— Бэзиль был очень популярен и всегда носил дешевые часы. Зачем же кому-нибудь было его убивать? Он был недостаточно остроумен, чтобы иметь врагов. Правда, у него был удивительный талант к живописи. Но человек может писать, как Веласкез, и все-таки быть невозможно-скучным. Бэзиль же, право, был довольно-таки скучноват. Он только раз заинтересовал меня, много лет тому назад, когда он признался мне, как он вас безумно обожал, и что вы были преобладающим мотивом в его творчестве.
— Я очень любил Бэзиля, — сказал Дориан с оттенком печали в голосе. — Но нет ли предположений, что он был убит?
— О, да, некоторые газеты пишут про это. Но это маловероятно. Я знаю, в Париже есть ужасные притоны, но Бэзиль ведь не такой был человек, чтобы их посещать. Он не был любопытен. Это был его главный недостаток.
— Что бы вы сказали, Гарри, если б я признался вам, что я убил Бэзиля? — сказал Дориан. И, произнося эти слова, он внимательно следил за выражением лица лорда Генри.
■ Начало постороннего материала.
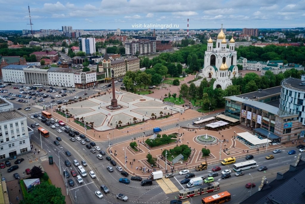 Площадь Победы Главная площадь Калининграда. В архитектурный комплекс площади входят: Храм Христа Спасителя, Часовня Петра и Февронии, а также Триумфальная колонна, которую венчает Орден Победы. На георгиевской ленте надпись: «Великой Победе посвящается 1941-1945». Площадь неоднократно меняла название. До 1930-х гг Площадь носила название Ганза платц, позже Адольф Гитлер Платц (осуждаем нацизм в любых его проявлениях). В довоенное время на территории, где сейчас располагаются Площадь Победы и ул. Профессора Баранова находились павильоны Восточно-Прусской Ярмарки. Частично здания сохранились, в том числе здание на пл. Победы, 1 - здание администрации Калининграда. В послевоенное время площадь Победы в Калининграде получила неофициальное название «Площадь трёх маршалов». Это связано с тем, что в первые годы после окончания войны на площади были установлены большие портреты трёх выдающихся военачальников. В 1958 году на площади установлен памятник В.И. Ленину, до этого времени здесь б
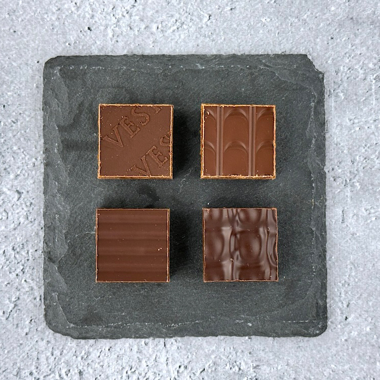 自社農園カカオで感動するほどの口融けを届けたい。VESTRI Emozioniの真骨頂ともいえる産地の異なるカカオを使用したダークジャンドゥイアのコレクション。マダガスカル、ベネズエラ、ベリーズ、ドミニカ共和国のカカオの違いをご堪能いただけます。
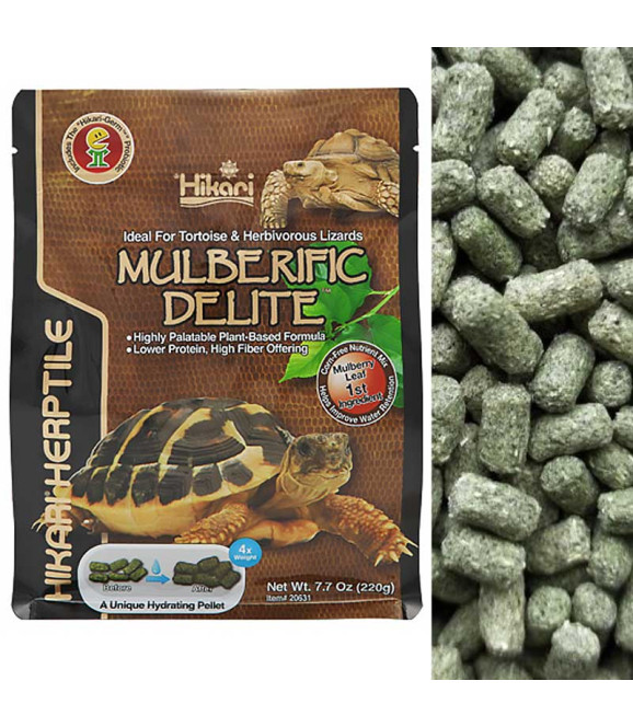 Para melhores resultados, mergulhe os pellets em água fresca e pura por pelo menos 5 minutos antes de alimentar. Isso permite que cada pellet se hidrate completamente e adquira a textura preferida. O pellet ficará 4 vezes mais pesado quando completamente encharcado. Enquanto Mulberific Delite™ se destina a ser um alimento exclusivo; muitas tartarugas herbívoras também gostam de gramíneas ou vegetais selvagens e os habitantes da floresta gostam de frutas, todas as quais podem ser alimentadas, se desejado, mas afetarão o perfil nutricional ajustado da dieta, reduzindo assim seus benefícios.
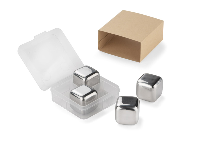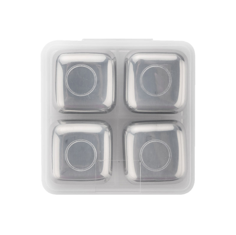 Kostki chłodzące do napojów wykonane są ze stali nierdzewnej o podwyższonym standardzie i zapakowane w wygodne etui z tworzywa. Zestaw zawiera 4 kostki, które należy umieścić na minimum 4 godziny w zamrażarce, aby schłodziły się do pożądanej temperatury i wrzucić do szklanki z napojem. Doskonały gadżet zamiast tradycyjnych kostek lodu, gdyż nie rozcieńcza napoju.
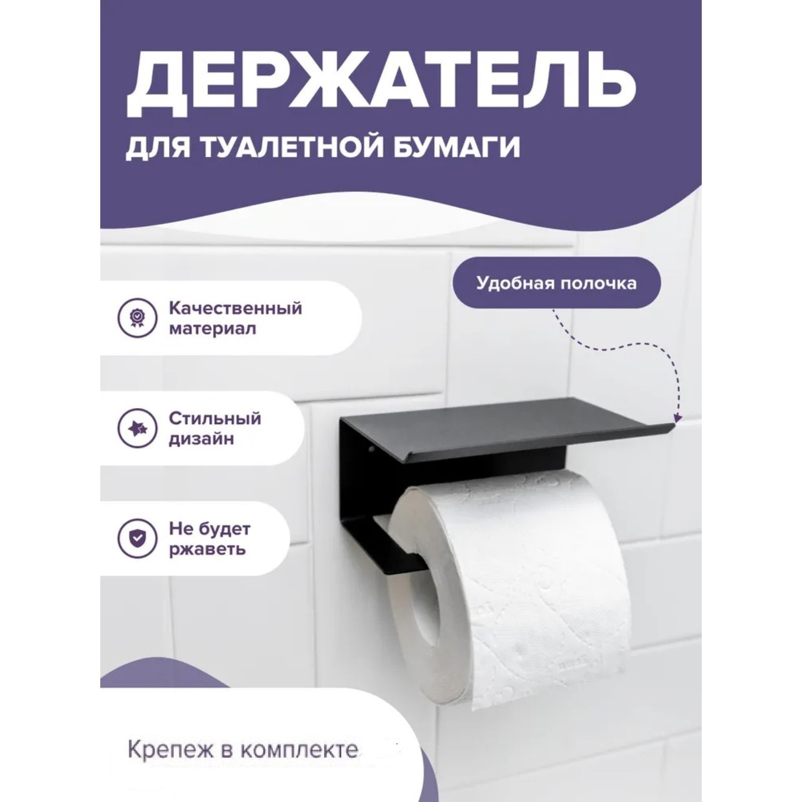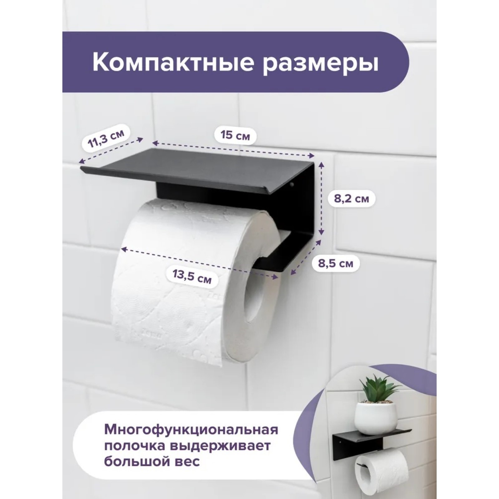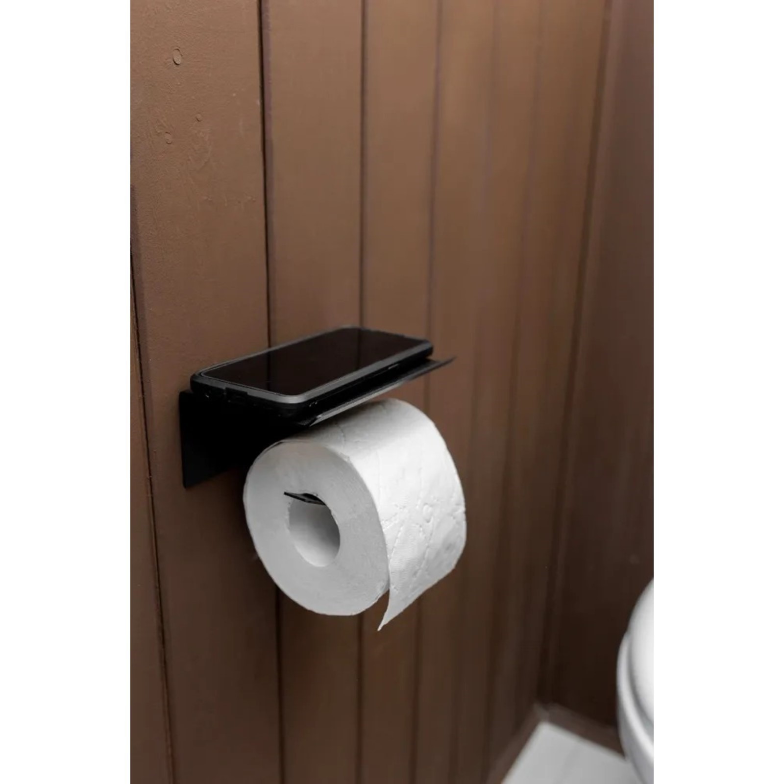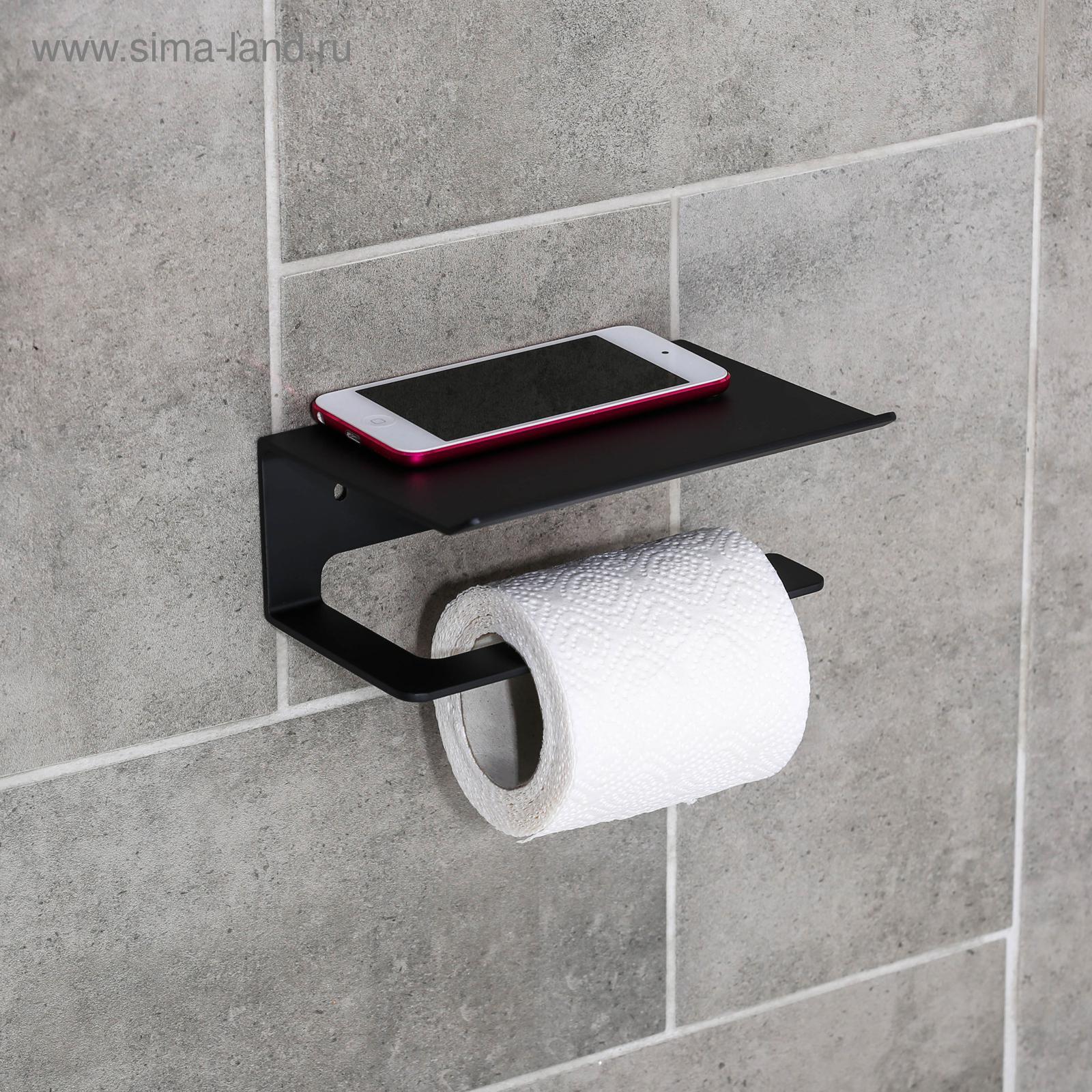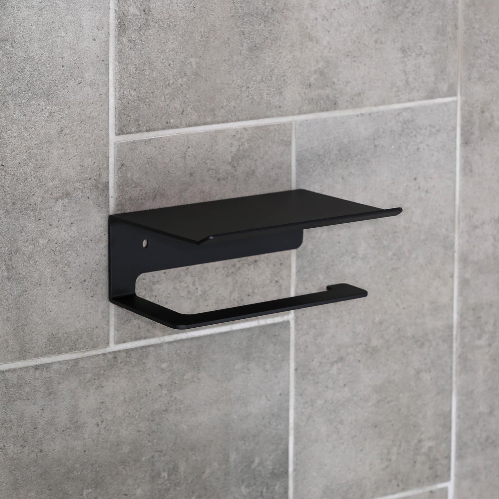 Держатель для туалетной бумаги с полочкой 6,5x16x11,5 см, цвет чёрный
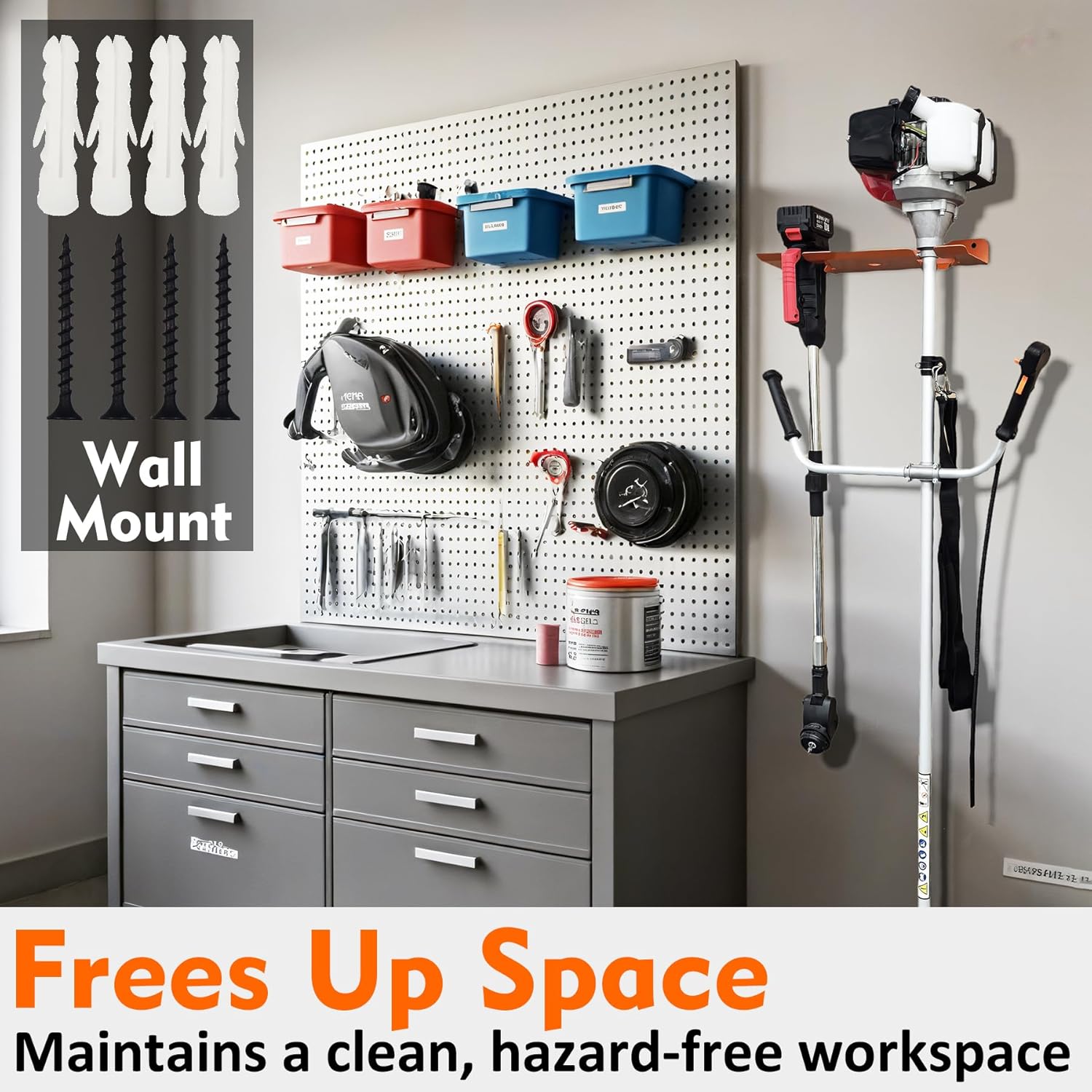 - Space-Saving Trimmer Rack: Free up floor space by mounting your tools vertically. Keeps your workspace tidy, safe, and clutter-free, ideal for organizing other activities or storing additional equipment
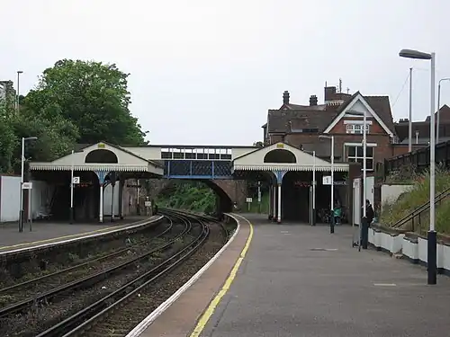 Branksome railway station serves the Branksome and Branksome Park areas of Poole in Dorset, England. It is on the South West Main Line, 110 miles 51 chains (178.1 km) down the line from London Waterloo.
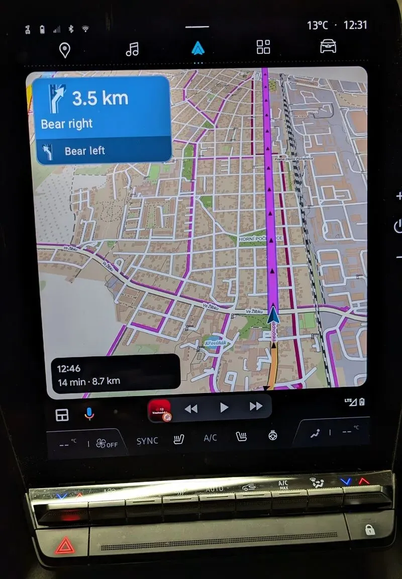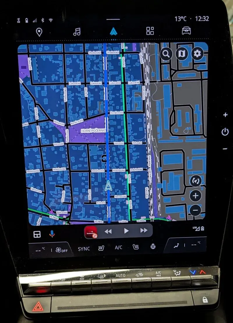 地图会根据您手机的设置自动选择,不过您也可以直接在 Android Auto 中更改此设置。您可以将地图居中、放大缩小,以及启用或禁用旋转。为了获得最佳效果,我们建议您选择 LoMap 的离线版本。这样不仅可以确保您在驾驶时即使在信号丢失的情况下也能看到地图,而且这些地图还支持旋转地图上的地名,使其与行驶方向保持一致。

— Я сказал бы, мой друг, что вы позируете в такой роли, которая к вам совершенно не подходит. Всякое преступление — пошло, точно так же, как всякая пошлость есть преступление. В вас нет задатков убийцы, Дориан. Мне не хочется задевать ваше самолюбие, но, уверяю вас, это так. Преступление свойственно лишь низшим классам. И я их за это ничуть не виню. Мне кажется, что для них преступление — то же самое, что для нас искусство — просто-напросто средство испытать необычайные ощущения.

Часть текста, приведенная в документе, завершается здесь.